Consider the following topologies on $\mathbb{R}$:
$\tau_1 = \{\mathbb{R}, \emptyset, (-n, n) \forall n\in \mathbb{Z}^+\}$
$\tau_2 = \{\mathbb{R}, \emptyset, [-n, n] \forall n\in \mathbb{Z}^+\}$
$\tau_3 = \{\mathbb{R}, \emptyset, (-r, r) \forall r\in \mathbb{R}^+\}$
$\tau_4 = \{\mathbb{R}, \emptyset, (-r, r)$ and $[-r, r] \forall r\in \mathbb{R}^+\}$
Problem 1: Show $\tau_1 \not\cong \tau_3$
Problem 2: Is $\tau_1 \cong \tau_2$?
Problem 3: Is $\tau_3 \cong \tau_4$?
Note for beginners: Do not assume facts about $\mathbb{R}$ based on the standard Euclidean topology. These are different topologies, and so they may behave differently on otherwise familiar sets-- for example, $(a,b)$ and $[a,b]$ are non-homeomorphic interval types in the Euclidean topology, but you can't use that here. Work from the definition of Homeomorphism.
Citation: S. Morris, "Topology without Tears", problem 4.3.7 i, ii, iii
$|\tau_1| \neq |\tau_3|$ while a homeomorphism induces a bijection of topologies.
Let $f_1$ be a bijection between $(-1,1)$ and $[-1,1]$ (standard set theory).
We can extend this to a bijection $f_2$ between $(-2,2)$ and $[-2,2]$ (both difference sets are also equinumerous).
So continuing this way, we get a sequence of extensions that are bijections between $(-n,n)$ and $[-n,n]$. The union of these functions is then a bijection of the reals that for each $n$ obeys $f[(-n,n)] = [-n,n]$ (and so also $f^{-1}[-n,n]] = (-n,n)$) and so $f$ is both open and continuous.
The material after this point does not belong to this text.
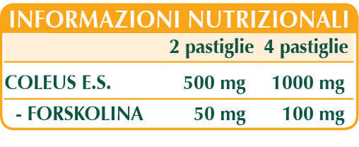 El coleus forskohlii favorece el equilibrio del peso corporal, actuando como complemento alimenticio coadyuvante en dietas hipocalóricas para bajar de peso. Además, el coleus estimula la función digestiva, contribuye a la buena salud de las vías respiratorias, regula la presión arterial y ayuda al correcto funcionamiento del aparato cardiovascular.
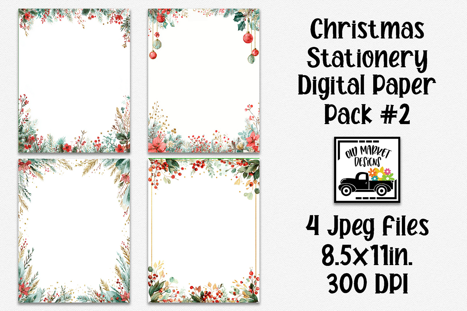 Watercolor Christmas Stationery Digital Paper #2 - 4 Papers

So $\tau_1 \simeq \tau_2$.
In $\tau_4$ the open sets have the property:
$$\exists U,V \in \tau_4: U \subsetneq V \land |V \setminus U| =2\tag{1}$$
While $\tau_3$ does not have the above property as it obeys the property
$$\forall U,V \in \tau_3: U \subsetneq V \implies |V \setminus U| \text{ is infinite}\tag{2}$$
So $\tau_3 \not \simeq \tau_4$:
If $f: (\mathbb{R}, \tau_4) \to (\mathbb{R}, \tau_3)$ would be a homeomorphism, then for $U,V$ as in $(1)$ we'd have $f[U] \subsetneq f[V]$, both would be open and $f[V \setminus U] = f[V] \setminus f[U]$ would contradict $(2)$.